Tuesday, February 16, 2021

There Is No GOP Alternative to Trumpism

Ron Brownstein asks a pertinent question: "Is the GOP's extremist wing now too big to fail?" To answer that question, he cites polling data indicating that 75 percent of Republicans want a big future role for Trump in the party. Even more disturbing is that a majority of Republicans (55%) "support the use of force as a way to arrest the decline of the traditional American way of life." That confirms what Doug Muder wrote about the resurgence of the confederate mindset.

The essence of the Confederate worldview is that the democratic process cannot legitimately change the established social order, and so all forms of legal and illegal resistance are justified when it tries…

The Confederate sees a divinely ordained way things are supposed to be, and defends it at all costs. No process, no matter how orderly or democratic, can justify fundamental change.

If our democracy is to survive, that wing of the Republican Party must be defeated. 

While we focus a lot on who the insurgents are and what they want, precious little attention has been paid to what constitutes a conservative alternative. I would suggest that, at least at this point, there isn't one. To demonstrate, we might consider what Minority Leader McConnell actually stands for—other than tax cuts for the wealthy and retaining power. The answer: nothing.

Republican consultant Stuart Stevens captured the problem with his book titled, "It Was All a Lie: How the Republican Party Became Donald Trump." During an interview with David Corn, here is what he said:

[Stevens] once believed in GOP ideals and ideas. Now he saw it all as a huge con...In these pages, Stevens self-flagellates, calling himself a “fool” for his decades of believing—and lying to himself—that the Republican Party was based on “a core set of values.”...

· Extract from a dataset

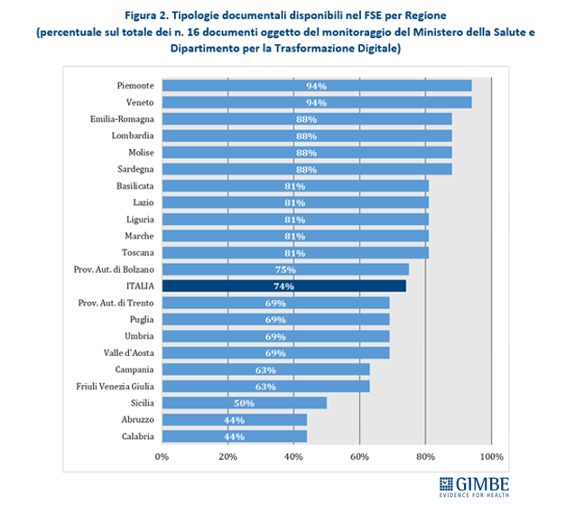 Complessivamente, a livello nazionale il FSE mette a disposizione degli utenti il 68% dei documenti monitorati sul portale del FSE 2.0 e previsti dal decreto. Nessuna Regione alimenta il FSE con tutte le tipologie documentali previste dal DM: si va dal 93% del Piemonte e del Veneto al 40% di Abruzzo e Calabria (figura 2).

“The Republican Party has been a cartel,” Stevens said excitedly. “And no one asks a cartel, ‘What’s your ideological purpose?’ You don’t ask OPEC, ‘What’s your ideology?’ You don’t ask a drug gang, ‘What’s your program?’ The Republicans exist for the pursuit of power for no purpose.”

He huffed that the Republican Party had not merely drifted away from its core positions, as sometimes occurs with political parties...You have to ask, ‘Does someone abandon deeply held beliefs in three or four years?’ No. It means you didn’t ever hold them.”

Back in 2011, David Roberts presciently wrote that Republicans had become the "post-truth party."

Republicans...talk about cutting the deficit even as they slash taxes on the rich and launch unfunded wars. They talk about free markets even as they subsidize fossil fuels. They talk about American exceptionalism even as they protect fossil-fuel incumbents and fight research and infrastructure investments.

In short, Republicans have mastered post-truth politics. They’ve realized that their rhetoric doesn’t have to bear any connection to their policy agenda.

When it comes to the party that billed itself as "fiscally conservative," we now know that they never really cared about budget deficits and that the whole notion of "trickle down" economics was a sham that simply funneled money to the wealthy. Even most of the party faithful have now abandoned the kind of military adventurism that led to the invasion of Iraq because it was a total fiasco. Finally, the party that claimed to support "family values" embraced a twice-divorced man who bragged about "grabbing p*ssy." 

So what remains of a conservative agenda to build on? NeverTrumper Jennifer Rubin suggested that it's time to junk the entire GOP and start from scratch. But it's interesting to note what she offers as an alternative: "responsible internationalism; free trade and robust immigration; tolerance and the rule of law; and market economics with an ample safety net." While we can quibble around the edges of that agenda, it is basically the Democratic platform. 

It should come as no surprise that Republicans embraced a "liar-in-chief" when the entire enterprise was built on lies designed to accomplish nothing but maintain power for no purpose. That is why there is no real GOP alternative to Trumpism.

4 comments:

  1. The post is true enough, but I think it still gives the wrong impression. It suggests that Trump's wing has taken over the party, which has recently forgotten its purpose. I don't think that's right.

    It was always the awkward but effective alliance of a racist, sexist, and religiously fanatic minority with those taking care of the wealthy, using that alliance to serve the latter at the expense of the former (as well as those the former disdains). To say that McConnell has nothing left as a purpose but that very agenda pretends that this is a petty thing.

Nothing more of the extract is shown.